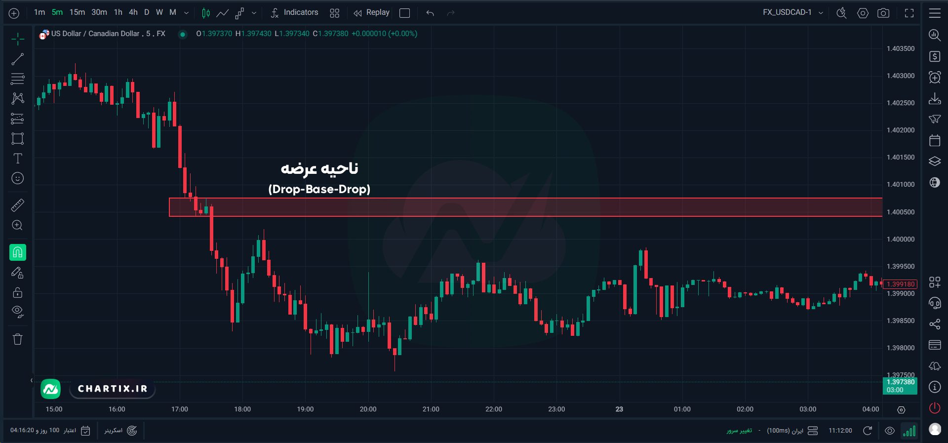 نکتهی اضافی: سناریوی بالا با عنوان ساختار “Drop-Base-Drop” شناخته میشود. ناحیهی عرضه در این حالت درون یک فاز بازار با روند قوی شکل میگیرد. هرچه فاز Base کوتاهتر باشند، روند نزولی کلی قویتر است.
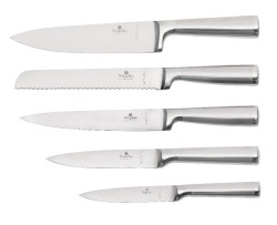 - Materiál: nerezová oceľ 3cr13 s rukoväťou v saténovom a zrkadlovom lesku.- Kuchársky nôž 20 cm- Nôž na krájanie 20 cm- Nôž na chlieb 20 cm- Užitkový nôž 12,5 cm- Nôž na okrajovanie 9 cm- Ostriaci nôž- Stojan BAMBOO- Farba: nerezová oceľ/čierna- ČEPELE VYROBENÉ NOVOU VÝROBNOU TECHNOLÓGIOU- Bambusový blok- Laserom naostrené čepele- Vyrobené z jedného kusu- Ergonomická rukoväť- Dizajn s ochranou prstov
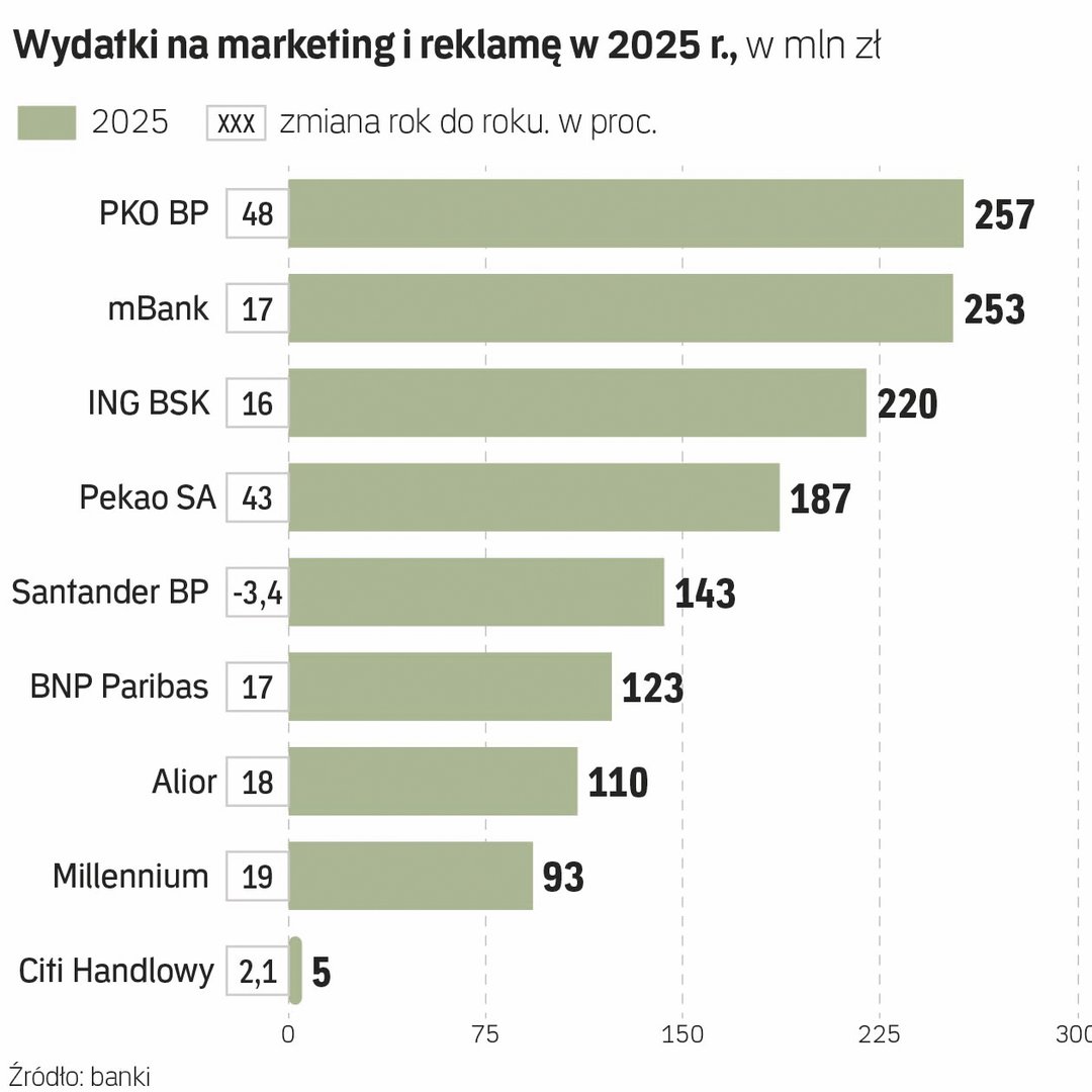 Największym reklamodawcą wśród banków został w 2025 r. PKO BP, który zwiększył wydatki marketingowe aż o 48 proc., do 257 mln zł. Tak potężny budżet pozwolił największemu polskiemu bankowi na zdominowanie przestrzeni medialnej, z konsekwentnie realizowanym od dwóch lat przekazem odświeżenia swojego wizerunku. To kampanie skierowane zarówno do małych i dużych przedsiębiorstw, jak i do klientów detalicznych – ostatnim przykładem może być kampania poświęcona nowej usłudze KLIK,...

▶ **What the task asks**: Leaving every picture out, write out exactly the lines from the beginning of the listing above to the line with "- Materiál: nerezová", inclusive.

▶ **Result for this task**:
 نکتهی اضافی: سناریوی بالا با عنوان ساختار “Drop-Base-Drop” شناخته میشود. ناحیهی عرضه در این حالت درون یک فاز بازار با روند قوی شکل میگیرد. هرچه فاز Base کوتاهتر باشند، روند نزولی کلی قویتر است.
 - Materiál: nerezová oceľ 3cr13 s rukoväťou v saténovom a zrkadlovom lesku.- Kuchársky nôž 20 cm- Nôž na krájanie 20 cm- Nôž na chlieb 20 cm- Užitkový nôž 12,5 cm- Nôž na okrajovanie 9 cm- Ostriaci nôž- Stojan BAMBOO- Farba: nerezová oceľ/čierna- ČEPELE VYROBENÉ NOVOU VÝROBNOU TECHNOLÓGIOU- Bambusový blok- Laserom naostrené čepele- Vyrobené z jedného kusu- Ergonomická rukoväť- Dizajn s ochranou prstov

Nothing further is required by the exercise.